--- Data for review Enclosed Below ---

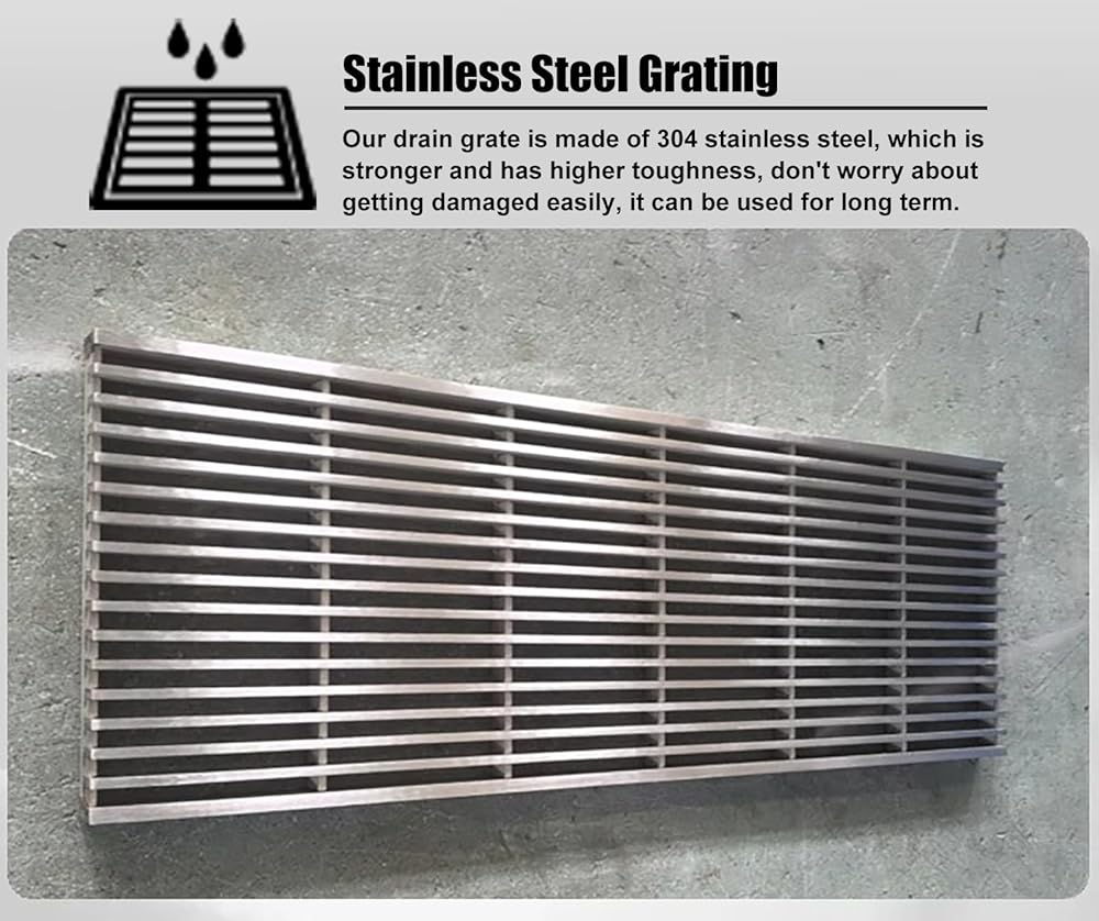 • Upgrade Your Drainage System with Our Stainless Steel Drain Grate. Designed for Durability and Strength, This Linear Bar Cover Offers Reliable Performance for Your Home or Business. Resistant to Corrosion and Wear, It Ensures Long-Lasting Use. Perfect for Kitchens, Bathrooms, and Outdoor Areas, This Grate Combines Functionality and Style in One Elegant Solution.
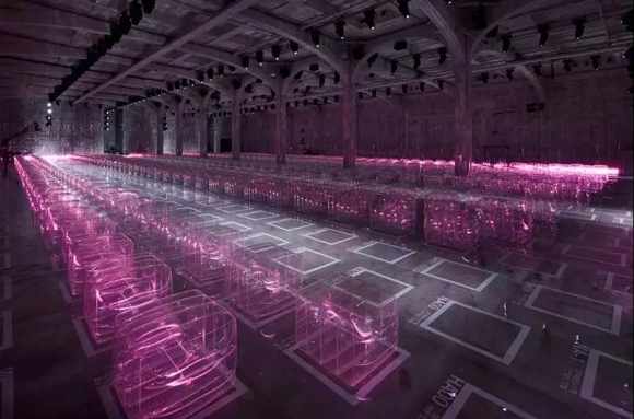 當(dāng)上方的白光燈將光線集中打在舞臺(tái)上時(shí),雪花型的小斑點(diǎn)就開(kāi)始飄落在時(shí)裝行走道周圍。音頻配樂(lè)響起,增加整體氛圍—混合音樂(lè)來(lái)自于知名小說(shuō)改編電影《銀翼殺手》和《星際》中的配樂(lè),讓個(gè)環(huán)境因?yàn)榍把貢r(shí)尚人物而充滿了超現(xiàn)實(shí)的反烏托邦感。
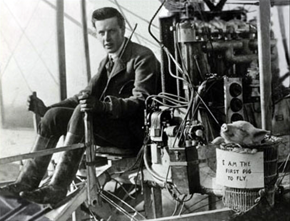 On 4 November 1909, he took up a piglet as a passenger, disproving the adage that “pigs can’t fly”.
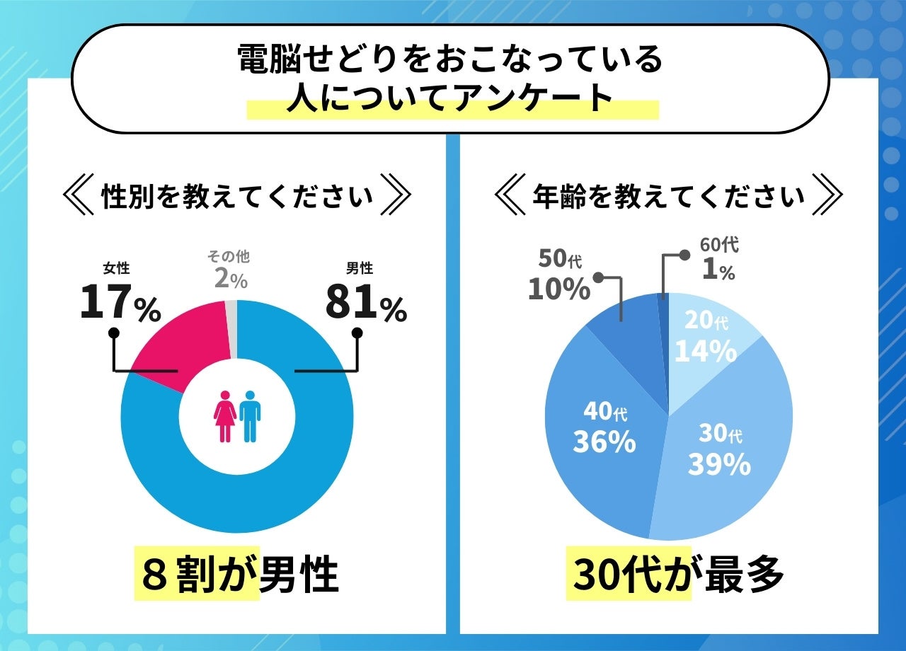 ・回答者の年齢層は30代が最も多く39.0%、次に40代が多く36.0%、回答者の男女比はおおよそ8:2となりました。
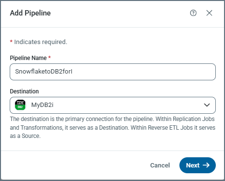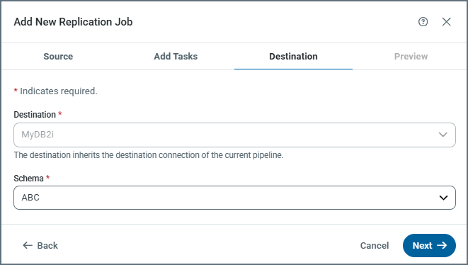 Note: You can cancel pipeline creation at any time by clicking Cancel on any step in the Add New Replication Job dialog box.
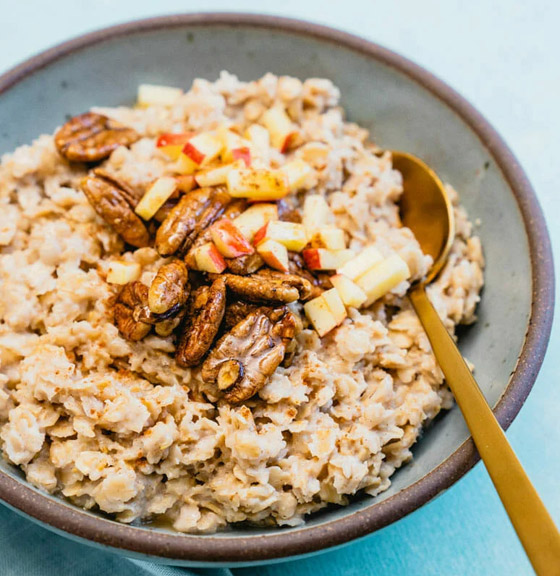 4. الشوفان: يشكل الشوفان وجبة شهية للإفطار حيث تتعدد طرق تناوله من خلطه مع الحليب خلال الليل وتناوله في الصباح إلى ألواح الجرانولا متعددة النكهات. فهو أحد الحبوب الكاملة المملوءة بالألياف. فكوب واحد من الشوفان بوزن 81 غراما يزود جسمك ب 8 غرامات من الألياف، التي تساعد على تنظيم مستوى السكر في الدم ما يحسن الحالة المزاجية وابطاء هضم النشويات ما يساعد على الحفاظ على نشاطك وطاقتك لمدة أطول.

--- End of Enclosed Data for review ---

__What needs to be done__
The required output is the lines from the one containing "On 4 November" through the end of the data, printed exactly, with no pictures.

__Answer to this task__
 On 4 November 1909, he took up a piglet as a passenger, disproving the adage that “pigs can’t fly”.
 ・回答者の年齢層は30代が最も多く39.0%、次に40代が多く36.0%、回答者の男女比はおおよそ8:2となりました。
 Note: You can cancel pipeline creation at any time by clicking Cancel on any step in the Add New Replication Job dialog box.
 4. الشوفان: يشكل الشوفان وجبة شهية للإفطار حيث تتعدد طرق تناوله من خلطه مع الحليب خلال الليل وتناوله في الصباح إلى ألواح الجرانولا متعددة النكهات. فهو أحد الحبوب الكاملة المملوءة بالألياف. فكوب واحد من الشوفان بوزن 81 غراما يزود جسمك ب 8 غرامات من الألياف، التي تساعد على تنظيم مستوى السكر في الدم ما يحسن الحالة المزاجية وابطاء هضم النشويات ما يساعد على الحفاظ على نشاطك وطاقتك لمدة أطول.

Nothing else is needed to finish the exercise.